Asians marked the 60th anniversary of Japan's surrender in the Second World War by honouring their dead, burning Rising Sun flags and demanding compensation amid rekindled tensions over Japanese abuses. The peoples still can’t forget and even forgive the horrors of war.

The occasion inspired a rare joint commemoration by North Korea and South Korea, and spurred protesters in Hong Kong to burn Japan's flag and march on Tokyo's consulate chanting "Down with Japanese imperialism!"

In the Philippines, elderly women once forced to act as sex slaves for Japanese soldiers renewed demands for compensation and apologies. Former Australian prisoners of war returned to the Thai jungles where they laboured under brutal conditions to build the notorious Death Railway.

China exhorted its citizens to remember Tokyo's surrender on Aug. 15, 1945, with "a fresh wave of patriotism."

In Australia, thousands gathered at ceremonies around the country to mark the end of the war, with Prime Minister John Howard joined by Japan's ambassador to Australia Hideaki Ueda in laying a wreath at the national war memorial.

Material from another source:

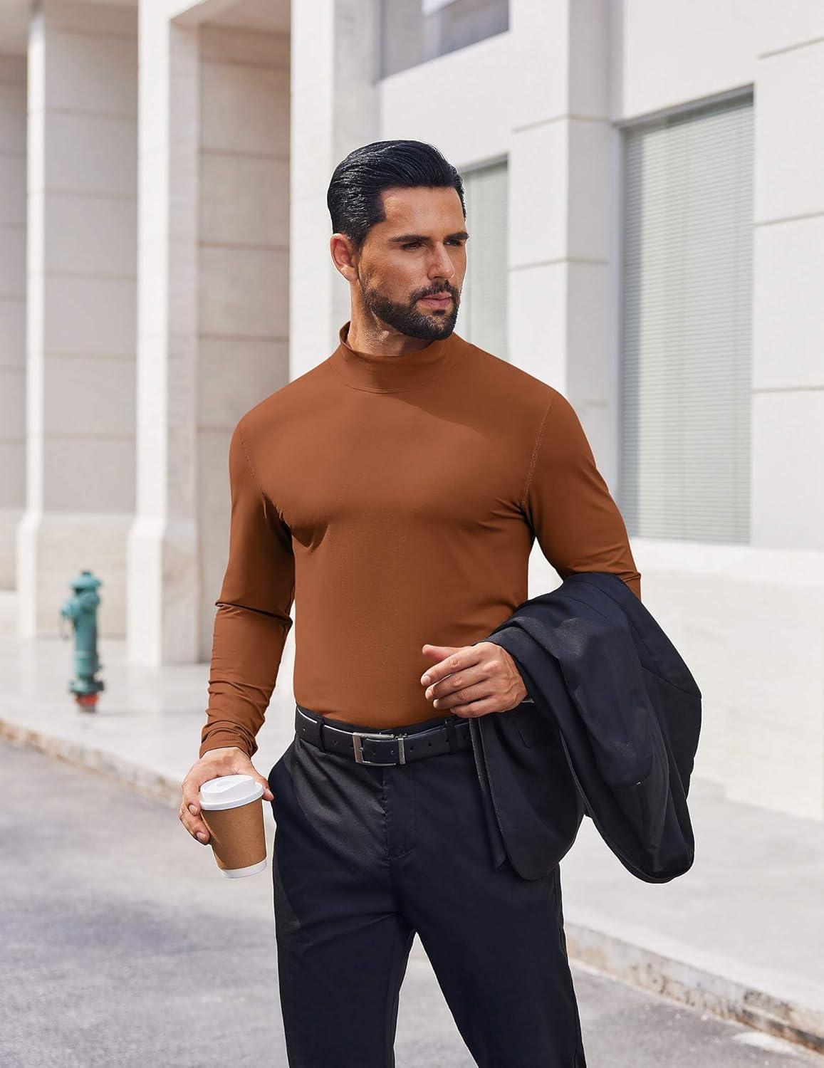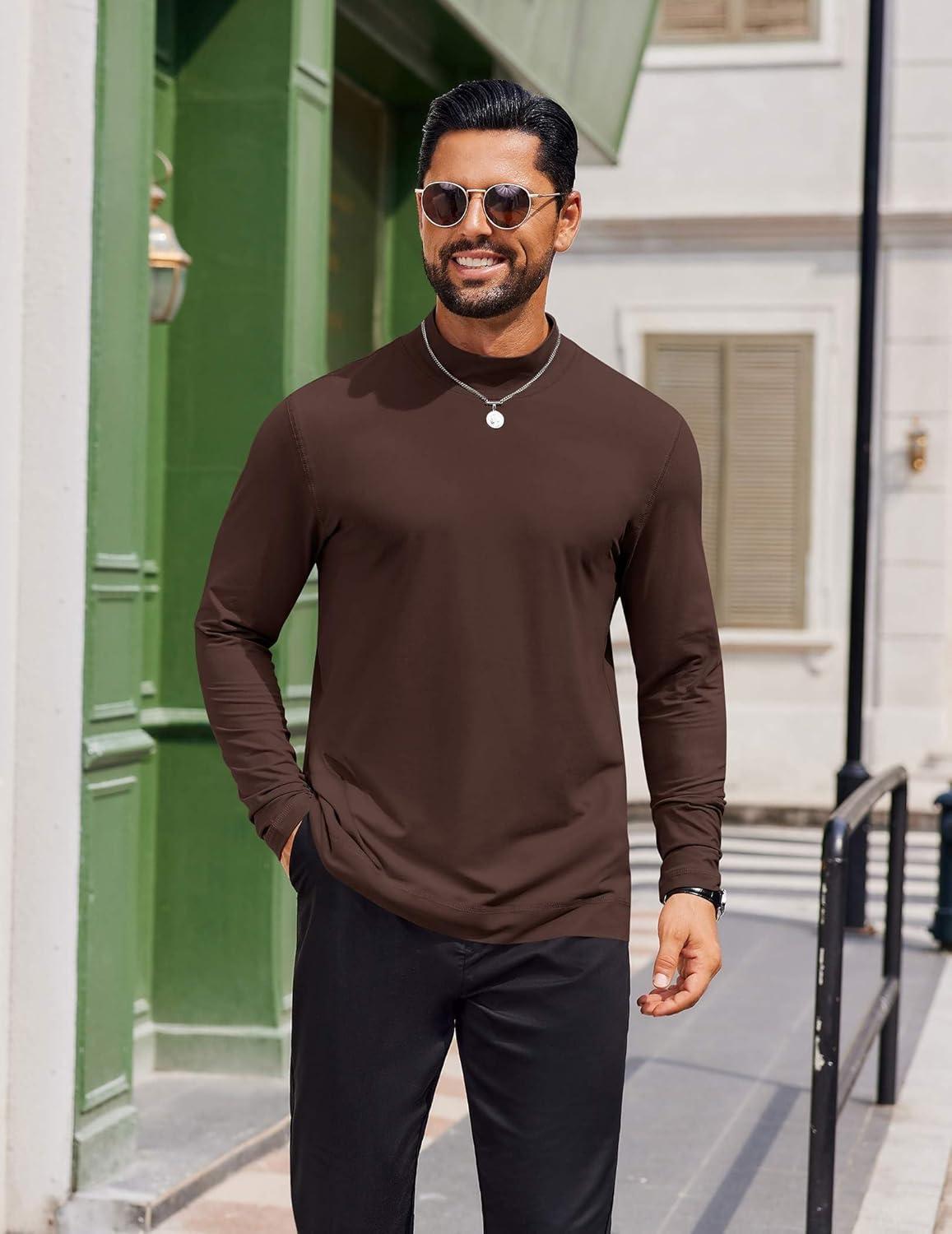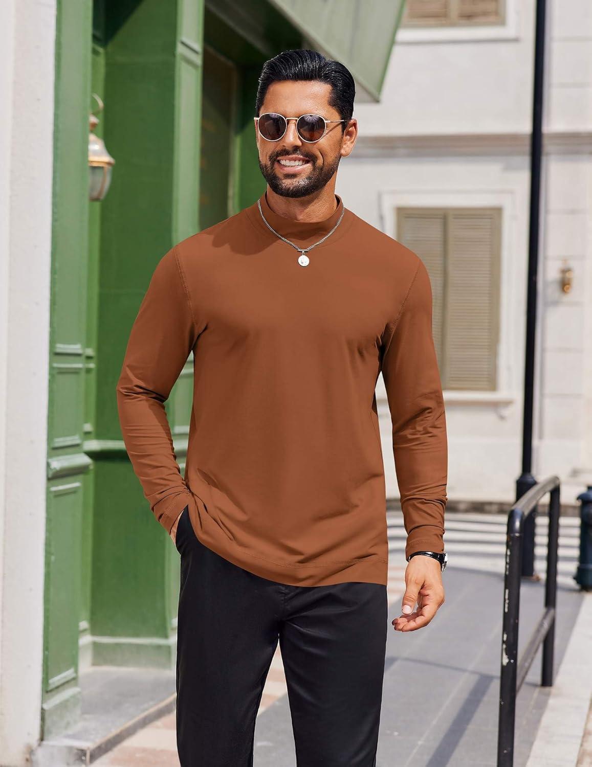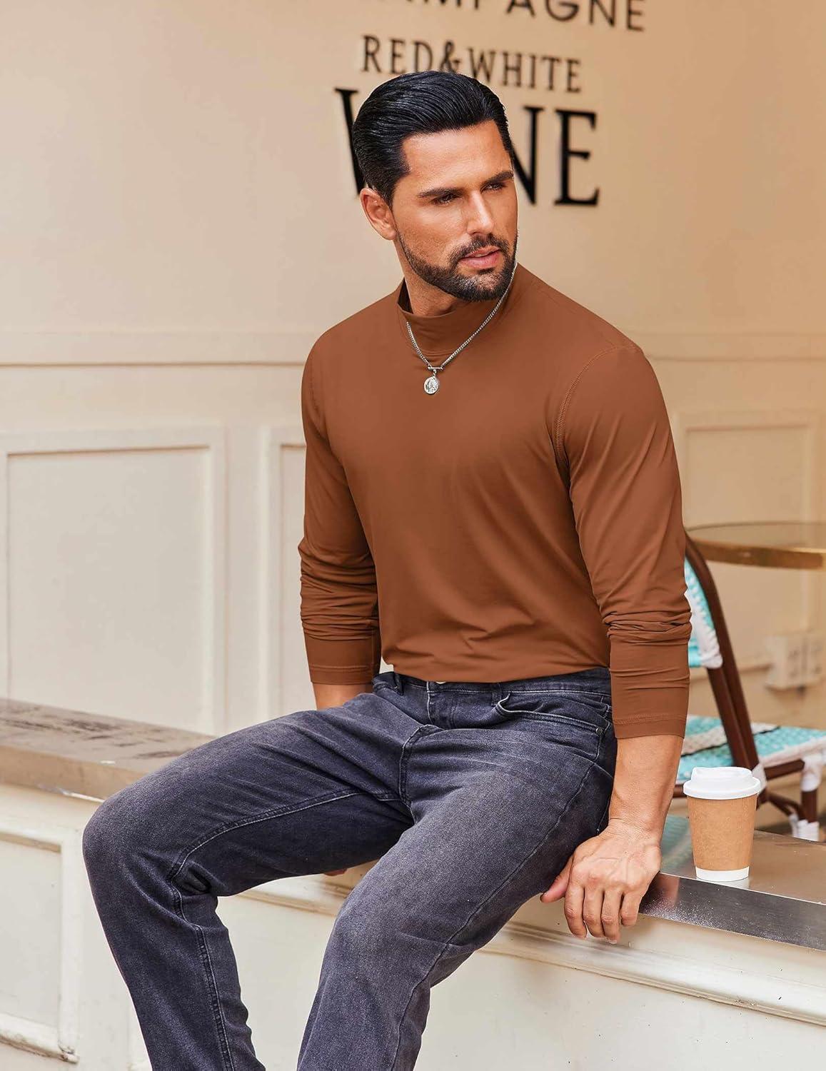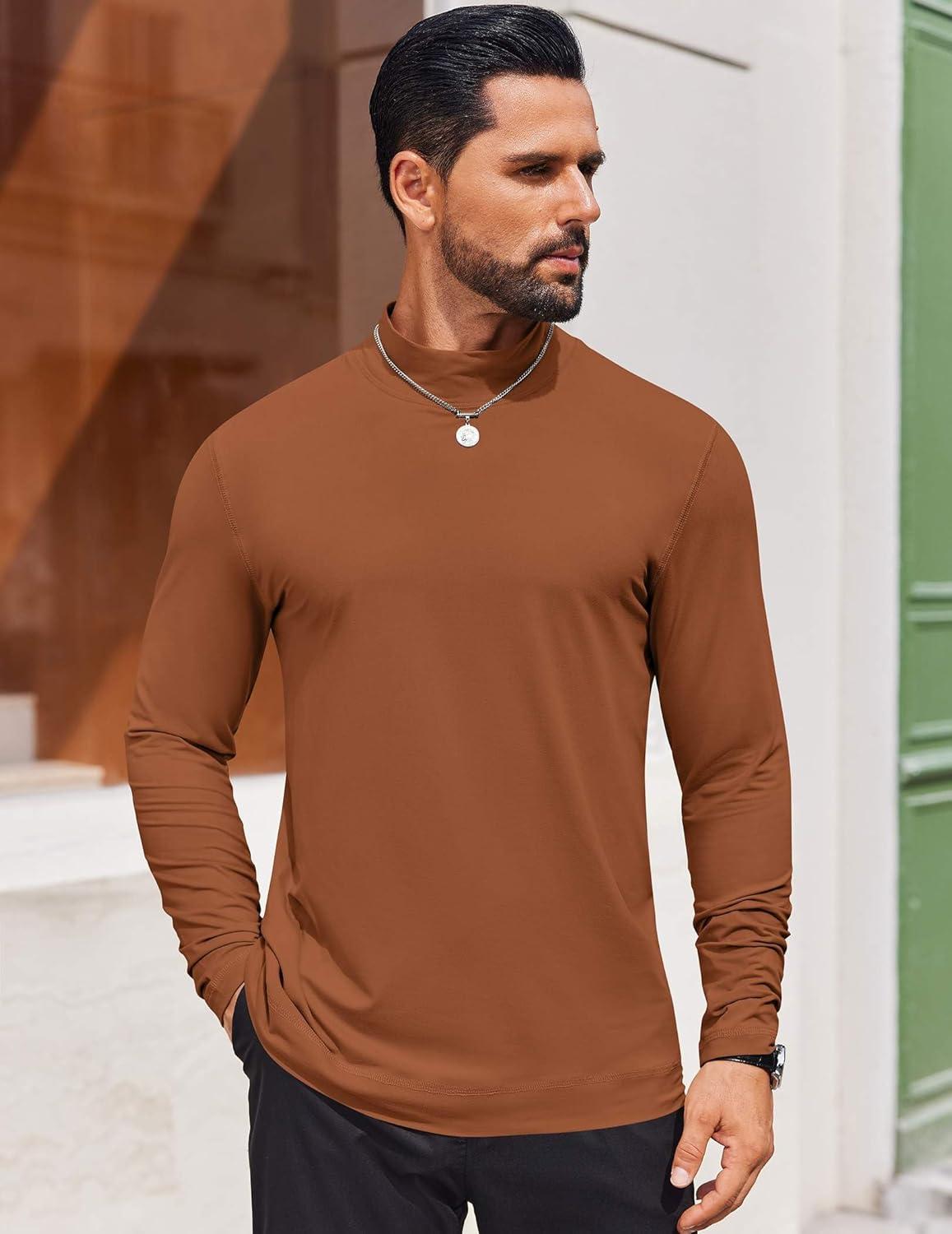COOFANDY Mens Mock Turtleneck Long Sleeve Shirts Casual Basic T-Shirt Lightweight Mockneck Pullover Sweater for Men(Brown)

But that didn't mean the ghosts of the past had been laid to rest Down Under.

Max Williams, who fought in the jungles of Papua New Guinea, speculated that it would be easier for future generations to accept a Japanese presence at commemoration services.

"Politically, we've got to have them here. But that's as far as I'd like to say," Williams told Reuters.

More than 40,000 Australians were killed and 30,000 taken prisoner by the Japanese, including 20,000 detained in 1942 following the fall of Singapore to Japanese forces.

The outpouring of emotion laid bare unhealed wounds six decades after Japan's Emperor Hirohito conceded defeat in a radio broadcast, just days after the United States incinerated the cities of Hiroshima and Nagasaki with atomic bombs.

The anniversary comes as Japan's relations with its neighbours are at their most frayed condition in decades.

Regional strains stem partly from anxiety over North Korea's nuclear arms program and a dispute between Japan and China over resources in a contested area of the East China Sea. But there are also bitter complaints that Japan has not properly atoned for brutally occupying much of the region in the 1930s and '40s.